Disaster Recovery Procedures in SQL Server 2005

By: Edwin Sarmiento | Comments (2) | Related: 1 | 2 | 3 | 4 | > Disaster Recovery

Problem

SQL Server 2005 has given us a lot of options on implementing high availability and disaster recovery. More than the technologies themselves, it is important to come up with the proper procedures as we manage different disaster recovery scenarios. How do we come up with procedures for various SQL Server disaster recovery scenarios?

Solution

This series of articles will look at different disaster recovery scenarios and the procedures involved in your recovery plan.
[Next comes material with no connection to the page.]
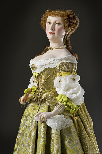 Historical Mixed Media Figure of Mme. Françoise Athénaïs Montespan produced by artist/historian George S. Stuart and photographed by Peter d'Aprix. This image, from the George S. Stuart Gallery of Historical Figures® archive ( is provided for all uses with appropriate attribution. Any derivatives must be shared in the same manner. Contributor mharrsch is webmaster for the gallery site.

When considering disaster recovery options for your SQL Server 2005 database, you should include as many technologies as you can so you'll have a pool of options to choose from if a disaster arises. While having these technologies prove to be important, it is the process that goes with it that makes it effective. For this article, let's take a simple scenario where a user accidentally dropped or truncated a table about 5 hours after a database backup was taken. Restoring from a database backup would mean losing 5 hours worth of data. And for most companies, they would rather opt for loss of time than loss of data. Plus, if this was a very large database, it would take quite some time to recover and bring it online. We'll take this scenario to build a procedural approach to recover the database as quickly as possible while minimizing data loss. We will use the Northwind database to demonstrate the process. Remember to change Northwind's database recovery model to FULL before working through the steps below.
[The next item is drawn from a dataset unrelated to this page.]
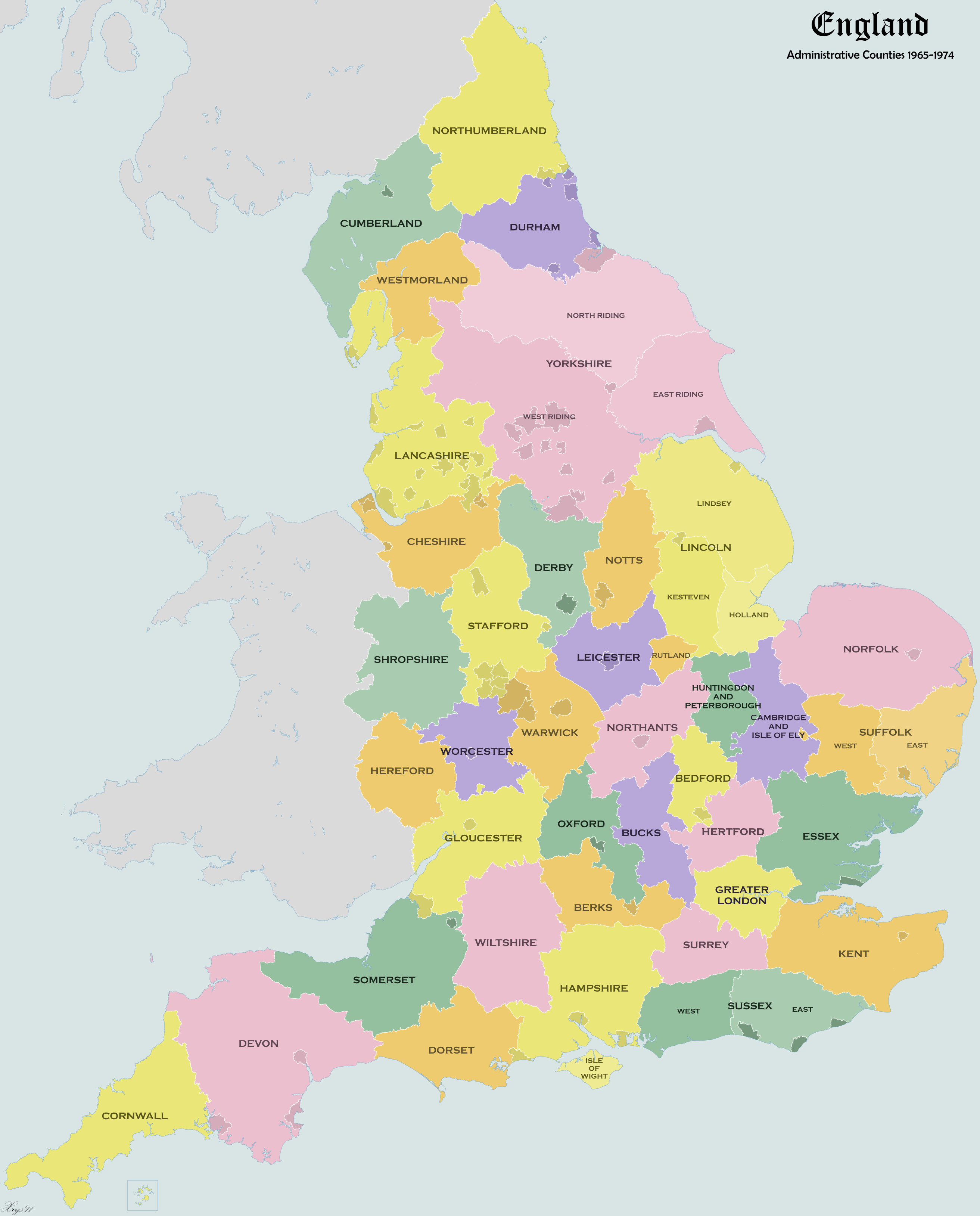 Map of the English Administrative Counties from 1965-74

1) Make sure you have a very good backup

For the scenario above, let's say you have a daily backup running at 6:00 AM and there are no database snapshots created on a regular basis. Your database is configured to use a single MDF and LDF file, which is not quite right for disaster recovery. Let's generate a full database backup for our Northwind database which will be the starting point for database recovery. Here is that code:

USE master 
GO 
BACKUP DATABASE Northwind  
   TO DISK = N'D:\DBBackup\NorthwindBackup.bak' 
   WITH NAME = N'Full Database Backup', DESCRIPTION = 'Starting point for recovery', 
    INIT, STATS = 10 
GO

Looking at the Northwind database schema, you won't easily be able to drop the Products, Orders and Customers table due to foreign key constraints defined by other tables like the Order Details table. But I bet you can easily drop the Order Details table. Let's simulate that disaster by dropping the table at around 11:00AM.
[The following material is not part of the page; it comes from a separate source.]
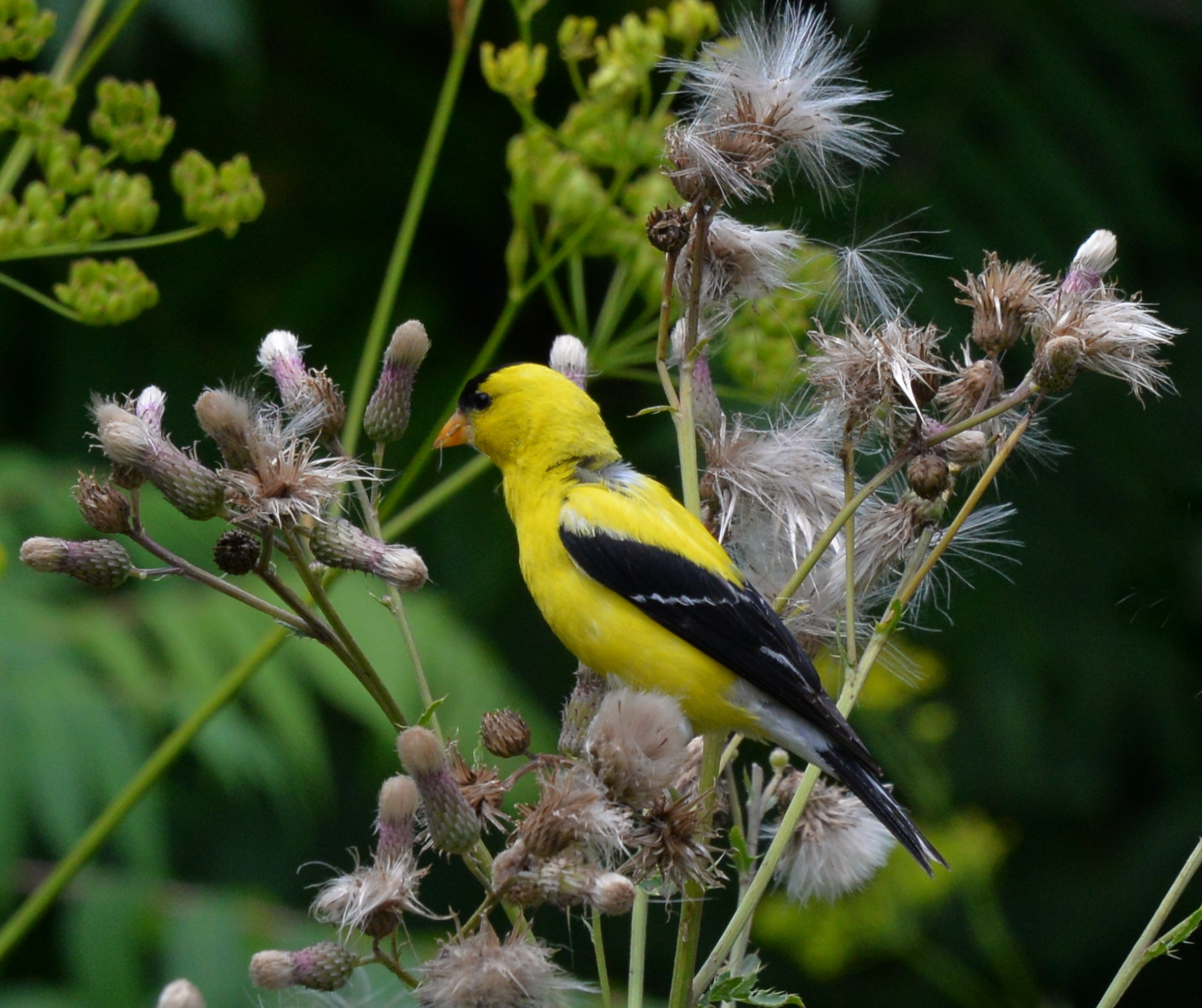 Male american goldfinch (Carduelis tristis) in Scarlett Mills Park in Toronto, Canada

DROP TABLE  [Order Details]

2) Contain the problem

Since the database only has a single MDF and LDF file, we couldn't do much. All we can do is take the database offline by setting it to restricted user mode

USE master 
GO 

ALTER DATABASE Northwind 
   SET RESTRICTED_USER 
   WITH ROLLBACK IMMEDIATE  
GO

This will effectively take the database offline, terminating all active connections. This is where the clock starts ticking and we need to take action. Keep in mind your RPO and RTO while proceeding with the next steps.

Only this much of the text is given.